I am a big fan of stories. Be it visual, written or told, I am sold. Stories have characters and plots and reality and fiction and everything under the sun. They teach us a lot of things, about the kind of flaws people have, how people deal with them, and somehow help us too. But they also teach us things which we might not know right away, they instil so many cliches into us, so many expectations, and that’s not how it always plays out.
Story ensues
Boy meets girl,
Sparks fly
They dance and twirl
Misunderstandings happen
They fight
Staying apart makes them
See the light
Chasing on the airport
Apologies and hugs
Two years later
They are out buying rugs!
I know this doesn’t sum up every story in the world, but this is the general theme. And if not this, there are so many instances of some very specific couples that work out together. Angry, stuck up or an introvert guy meets the most carefree and bubbly girl and she makes him open up, makes him do crazy shit and he falls for her. A scared, under-confident girl meets the most intimidating guy who literally sweeps her off her feet in the first meeting and their intensity is off the charts. Two egoistic people meet, start fighting right away, and eventually stop and listen to each other and realise they are in love.
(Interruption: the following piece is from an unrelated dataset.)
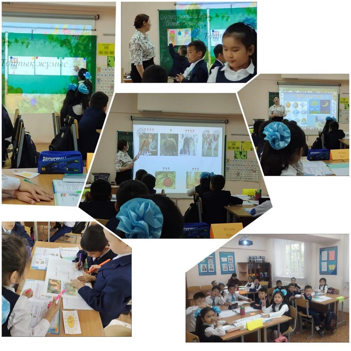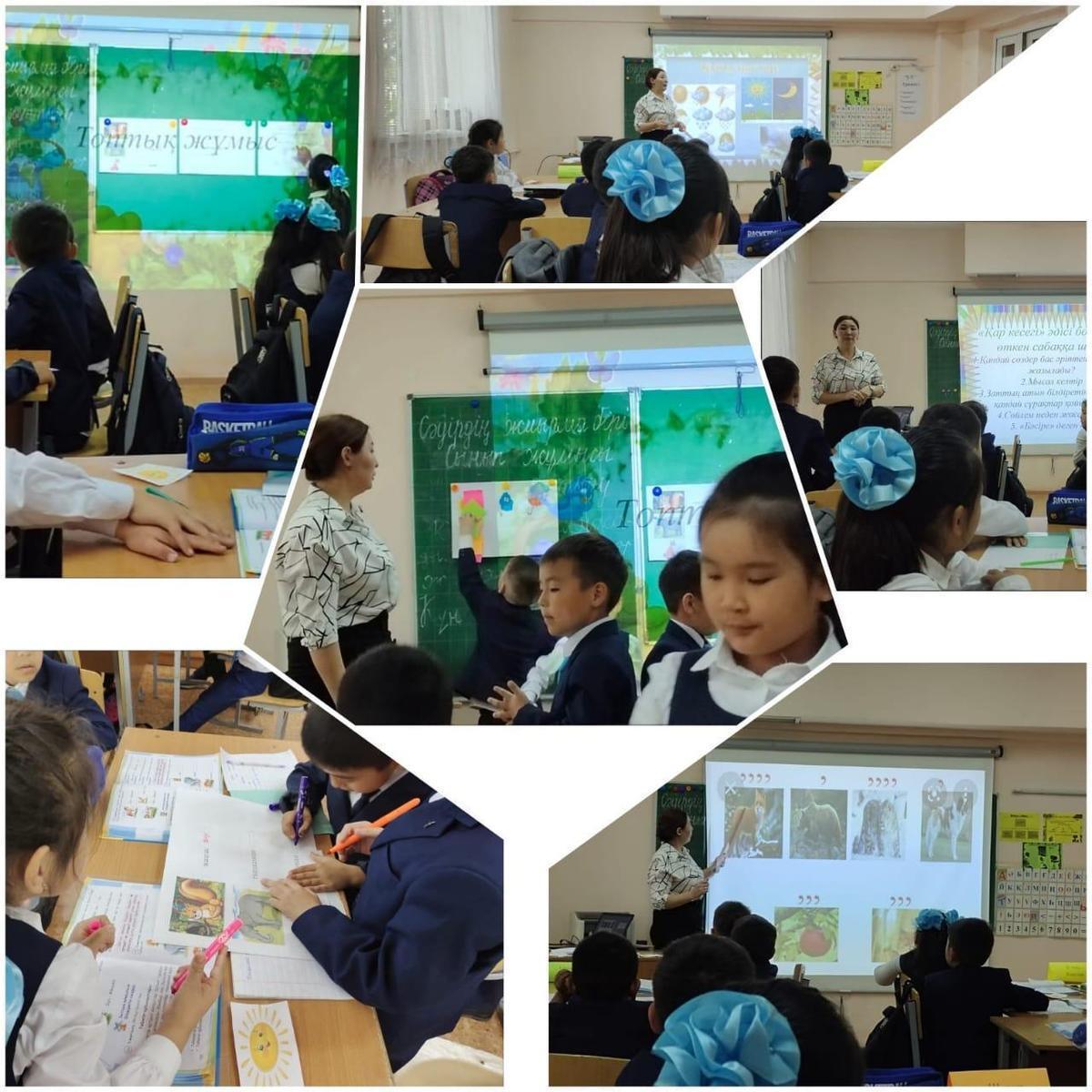 Ребус шешу арқылы жаңа сабақтың тақырыбын ашты.Оқушыларға топтық тапсырмалар орындатып, кітаппен, дәптермен,тақтамен жұмыстарды жасатты.Сабақ барысында "Қар кесегі","Ауа райы" әдістерін тиімді қолданды.

But is this it? Are we supposed to fit into one of these patterns and is that the only thing that will ensure that our love story is going to work out? Can two introvert people, who may not always have something crazy to say or do, not work out? If a “meet cute” does not take place, can people not develop feelings for each other? I know opposite attracts and many specific personas shown as couple usually have the traits that complete each other. But is that necessary? How about two people connecting over their flaws and figuring out how to grow in them together, motivating each other, because nobody else understands them the way the person with the same problem would do. Why is this angle not so famous in stories?
I write all of this because I know somewhere deep down I fear that I also feel that the “right person” will feel that way right from the beginning because we will fit into these cliches. But what if that’s not the case? What if the “right person” isn’t supposed to give you a banging chemistry right from the start, not supposed to keep you on your toes all the time but you just get peacefully comfortable around them over time? What if while trying to look for cliches in a relationship, we forget to look at what is actually real and special about it? What if these sparks that fly just signify that you have made up your mind about someone and not some ulterior cosmic connection?
I just hope we don’t end up rejecting the right one for these cliches and create our own signs instead of following the masses!
Disclaimer: I know there are many many good stories that don’t necessarily follow the pattern but this thought has been there in my head from some days and the current book I am reading literally fell into one of the categories and so I just had to write about it.